From: Eli Zaretskii <eliz <at> gnu.org>
To: Gemini Lasswell <gazally <at> runbox.com>
Cc: 33014 <at> debbugs.gnu.org, schwab <at> linux-m68k.org
Subject: Re: bug#33014: 26.1.50; 27.0.50;
 Fatal error after re-evaluating a thread's function
Date: Thu, 18 Oct 2018 20:04:03 +0300
> From: Gemini Lasswell <gazally <at> runbox.com>
> Cc: 33014 <at> debbugs.gnu.org,  schwab <at> linux-m68k.org
> Date: Wed, 17 Oct 2018 18:07:39 -0700
> 
> Eli Zaretskii <eliz <at> gnu.org> writes:
> 
> > After thinking about this a bit, I don't really agree with the last
> > one: the compiler could indeed stop tracking 'vector', but not
> > XVECTOR (vector)->contents, and we are interested in the latter.
> 
> If the compiler stops tracking 'vector', and the garbage collector frees
> it, doesn't that cause XVECTOR (vector)->contents to be overwritten?

Hmmm... could be.

> > However, I'm still not convinced we are there.  Can we establish which
> > element(s) of the bytecode vector are GC'ed in this scenario?
> 
> I'll see if I can figure that out.
> 
> Is there an easy way to print the function binding of a Lisp symbol from
> gdb?

Not sure what you mean by "the function binding" in this context.
I hope something like the following will do:

  (gdb) p fun
  (gdb) xpr

Let me know if this isn't what you meant.

Thanks.




Information forwarded to bug-gnu-emacs <at> gnu.org:
bug#33014; Package emacs. (Fri, 19 Oct 2018 00:23:01 GMT) Full text and rfc822 format available.

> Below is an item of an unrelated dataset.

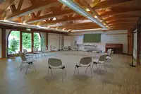 Partykeller, Lesezimmer mit Fernsehgerät, kostenloser Internetzugang per W-LAN, 60 Autoparkplätze, großes ParkgeländeBeamer, Laptop, Flipcharts, Metaplanwände, Moderationskoffer, Videokonferenz-Anlage, Mikrofonanlage, Whiteboards, Fotokopiergerät, Videokamera, Stereoanlage, Klavier, E-Piano, Overheadprojektor, (Yoga-)Matten, Decken

Message #59 received at 33014 <at> debbugs.gnu.org (full text, mbox):

From: Gemini Lasswell <gazally <at> runbox.com>
To: Eli Zaretskii <eliz <at> gnu.org>
Cc: 33014 <at> debbugs.gnu.org, schwab <at> linux-m68k.org
Subject: Re: bug#33014: 26.1.50; 27.0.50;
 Fatal error after re-evaluating a thread's function
Date: Thu, 18 Oct 2018 17:22:36 -0700
Eli Zaretskii <eliz <at> gnu.org> writes:

> Anyway, are you saying that stack marking doesn't work in optimized
> code?  We've been using this technique for the last 17 years without
> problems; why would the fact that we have more than one thread change
> that?  The same arguments you submit are valid for a single-threaded
> Emacs, right?

Apparently so.  I set up a single-threaded situation where I could
redefine a function while exec_byte_code was running it, and got a
segfault.  I've gained some insights from debugging this version of the
bug which I will put into a separate email.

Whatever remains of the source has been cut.